The problem:
Without the pictures, can you quote each line below exactly?

Supplied material:
########################################

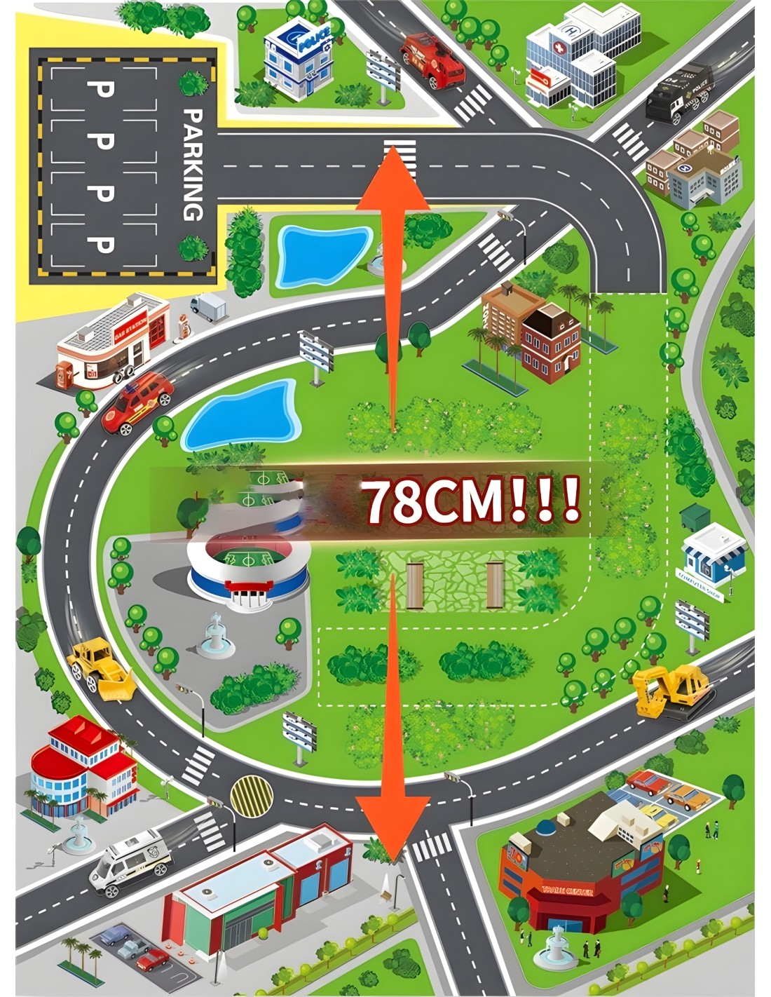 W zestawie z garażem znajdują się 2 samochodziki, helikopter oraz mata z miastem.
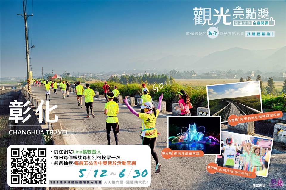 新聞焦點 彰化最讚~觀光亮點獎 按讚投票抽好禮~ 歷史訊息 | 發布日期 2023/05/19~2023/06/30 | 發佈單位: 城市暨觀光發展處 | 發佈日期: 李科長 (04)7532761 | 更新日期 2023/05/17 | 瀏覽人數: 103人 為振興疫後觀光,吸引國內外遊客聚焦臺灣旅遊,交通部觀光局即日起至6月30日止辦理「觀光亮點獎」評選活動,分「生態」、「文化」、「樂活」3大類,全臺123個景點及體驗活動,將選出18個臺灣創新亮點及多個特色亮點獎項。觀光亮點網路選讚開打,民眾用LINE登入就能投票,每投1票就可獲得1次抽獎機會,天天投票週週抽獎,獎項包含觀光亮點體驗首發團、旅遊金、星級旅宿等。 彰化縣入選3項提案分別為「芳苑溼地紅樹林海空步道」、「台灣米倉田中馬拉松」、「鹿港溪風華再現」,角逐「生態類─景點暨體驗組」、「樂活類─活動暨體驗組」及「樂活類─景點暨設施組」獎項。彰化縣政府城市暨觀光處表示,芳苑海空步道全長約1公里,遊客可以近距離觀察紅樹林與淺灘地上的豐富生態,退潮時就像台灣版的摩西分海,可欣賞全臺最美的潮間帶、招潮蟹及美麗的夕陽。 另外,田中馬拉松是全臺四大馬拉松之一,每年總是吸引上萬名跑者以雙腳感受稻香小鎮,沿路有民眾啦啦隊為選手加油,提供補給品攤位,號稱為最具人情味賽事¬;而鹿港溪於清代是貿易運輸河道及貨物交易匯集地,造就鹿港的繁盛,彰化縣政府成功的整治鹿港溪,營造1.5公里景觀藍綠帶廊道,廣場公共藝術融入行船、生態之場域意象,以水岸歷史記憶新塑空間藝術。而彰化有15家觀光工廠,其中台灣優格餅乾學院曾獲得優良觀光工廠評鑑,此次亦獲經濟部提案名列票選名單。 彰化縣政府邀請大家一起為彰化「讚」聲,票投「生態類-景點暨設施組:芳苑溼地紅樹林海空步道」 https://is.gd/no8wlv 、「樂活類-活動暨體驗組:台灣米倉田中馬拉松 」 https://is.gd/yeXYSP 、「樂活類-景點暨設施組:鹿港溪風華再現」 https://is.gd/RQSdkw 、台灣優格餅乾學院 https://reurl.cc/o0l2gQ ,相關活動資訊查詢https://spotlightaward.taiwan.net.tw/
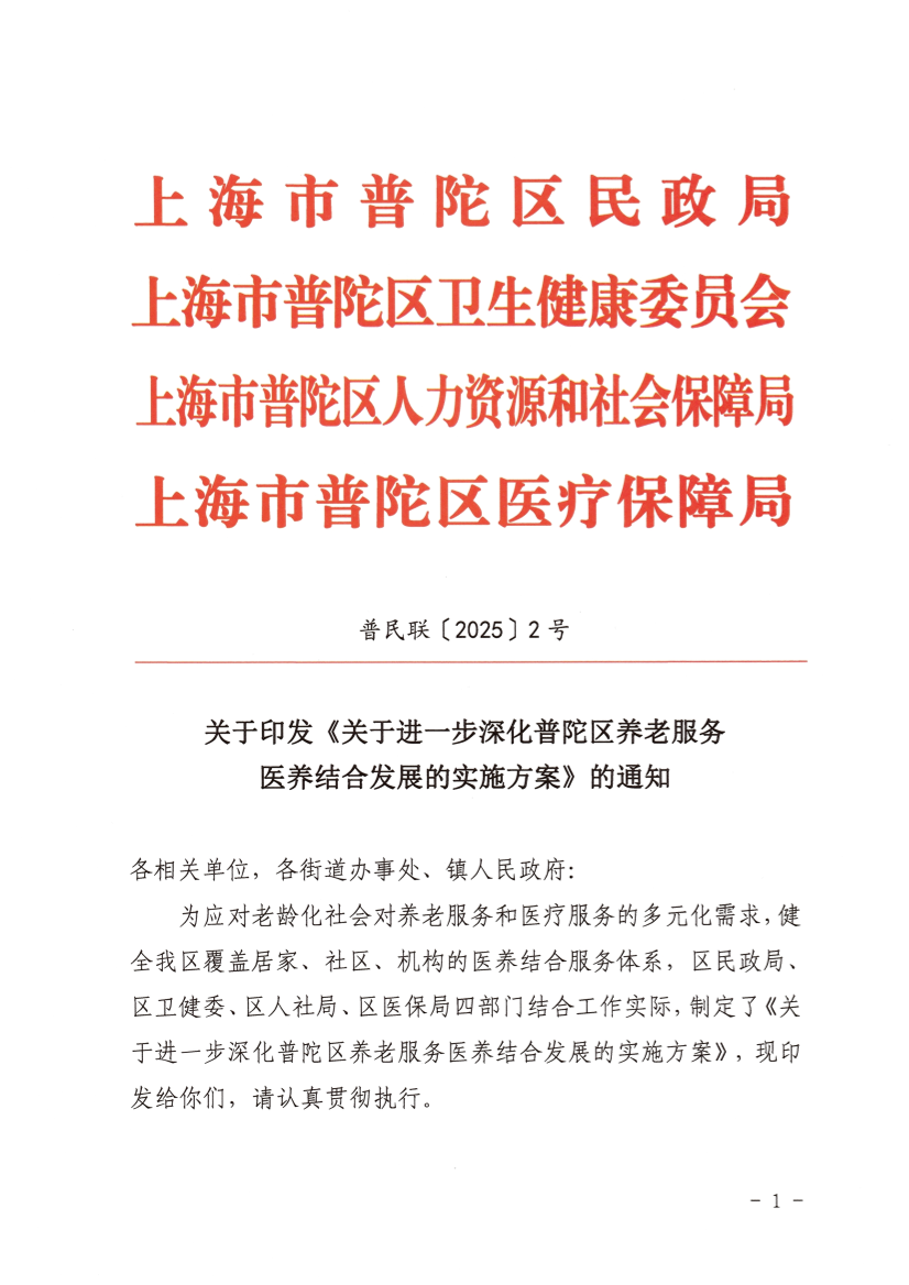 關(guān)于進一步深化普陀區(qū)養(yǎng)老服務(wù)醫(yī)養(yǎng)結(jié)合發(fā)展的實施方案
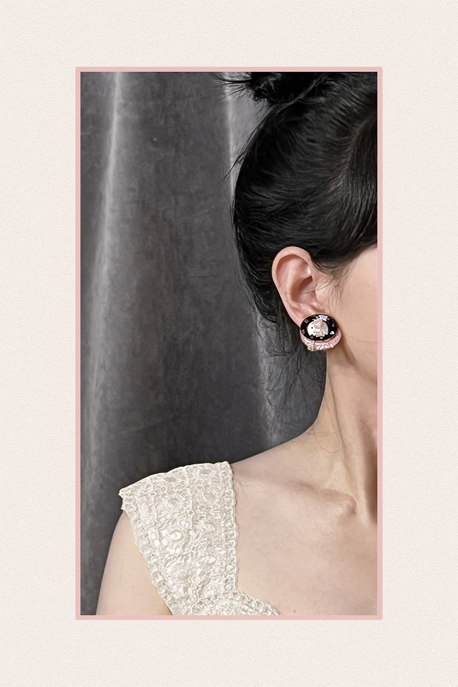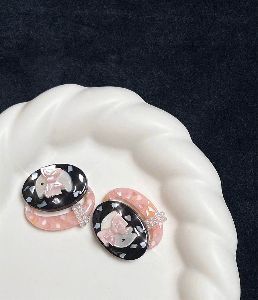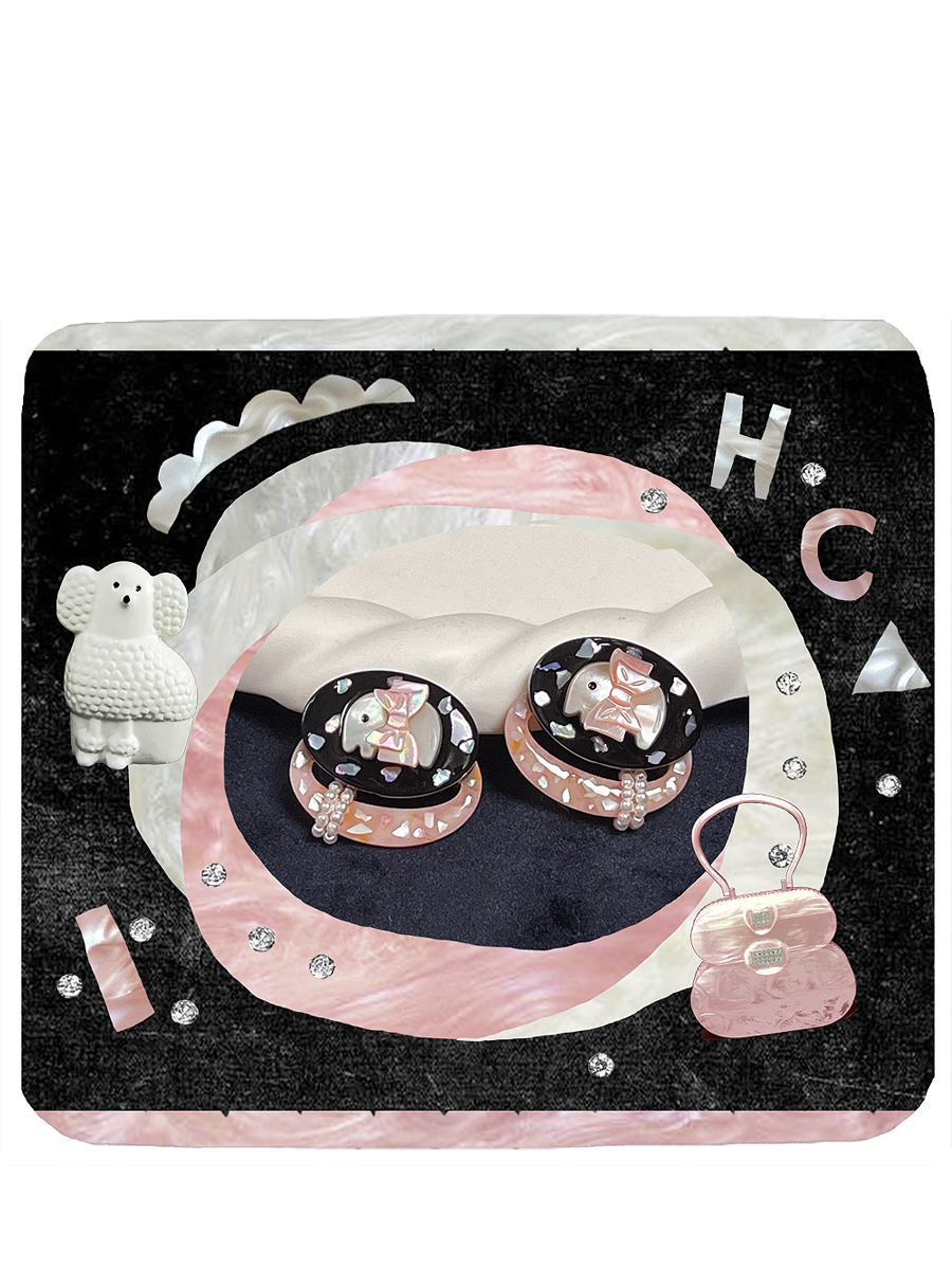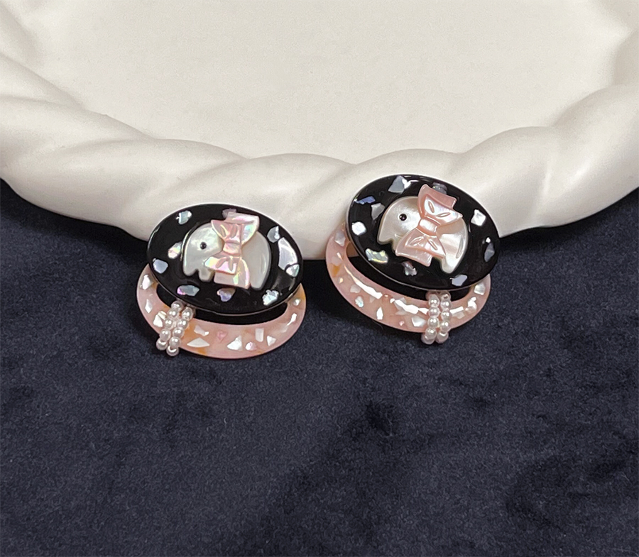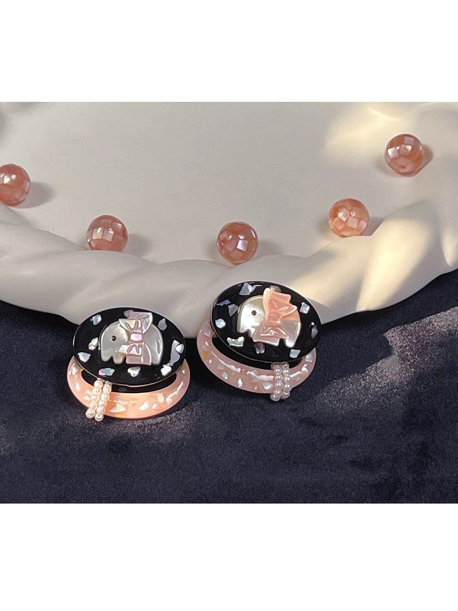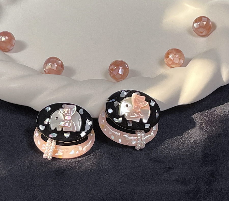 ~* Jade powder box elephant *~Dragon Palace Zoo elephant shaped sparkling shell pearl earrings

########################################

Answer space:
 W zestawie z garażem znajdują się 2 samochodziki, helikopter oraz mata z miastem.
 新聞焦點 彰化最讚~觀光亮點獎 按讚投票抽好禮~ 歷史訊息 | 發布日期 2023/05/19~2023/06/30 | 發佈單位: 城市暨觀光發展處 | 發佈日期: 李科長 (04)7532761 | 更新日期 2023/05/17 | 瀏覽人數: 103人 為振興疫後觀光,吸引國內外遊客聚焦臺灣旅遊,交通部觀光局即日起至6月30日止辦理「觀光亮點獎」評選活動,分「生態」、「文化」、「樂活」3大類,全臺123個景點及體驗活動,將選出18個臺灣創新亮點及多個特色亮點獎項。觀光亮點網路選讚開打,民眾用LINE登入就能投票,每投1票就可獲得1次抽獎機會,天天投票週週抽獎,獎項包含觀光亮點體驗首發團、旅遊金、星級旅宿等。 彰化縣入選3項提案分別為「芳苑溼地紅樹林海空步道」、「台灣米倉田中馬拉松」、「鹿港溪風華再現」,角逐「生態類─景點暨體驗組」、「樂活類─活動暨體驗組」及「樂活類─景點暨設施組」獎項。彰化縣政府城市暨觀光處表示,芳苑海空步道全長約1公里,遊客可以近距離觀察紅樹林與淺灘地上的豐富生態,退潮時就像台灣版的摩西分海,可欣賞全臺最美的潮間帶、招潮蟹及美麗的夕陽。 另外,田中馬拉松是全臺四大馬拉松之一,每年總是吸引上萬名跑者以雙腳感受稻香小鎮,沿路有民眾啦啦隊為選手加油,提供補給品攤位,號稱為最具人情味賽事¬;而鹿港溪於清代是貿易運輸河道及貨物交易匯集地,造就鹿港的繁盛,彰化縣政府成功的整治鹿港溪,營造1.5公里景觀藍綠帶廊道,廣場公共藝術融入行船、生態之場域意象,以水岸歷史記憶新塑空間藝術。而彰化有15家觀光工廠,其中台灣優格餅乾學院曾獲得優良觀光工廠評鑑,此次亦獲經濟部提案名列票選名單。 彰化縣政府邀請大家一起為彰化「讚」聲,票投「生態類-景點暨設施組:芳苑溼地紅樹林海空步道」 https://is.gd/no8wlv 、「樂活類-活動暨體驗組:台灣米倉田中馬拉松 」 https://is.gd/yeXYSP 、「樂活類-景點暨設施組:鹿港溪風華再現」 https://is.gd/RQSdkw 、台灣優格餅乾學院 https://reurl.cc/o0l2gQ ,相關活動資訊查詢https://spotlightaward.taiwan.net.tw/
 關(guān)于進一步深化普陀區(qū)養(yǎng)老服務(wù)醫(yī)養(yǎng)結(jié)合發(fā)展的實施方案
 ~* Jade powder box elephant *~Dragon Palace Zoo elephant shaped sparkling shell pearl earrings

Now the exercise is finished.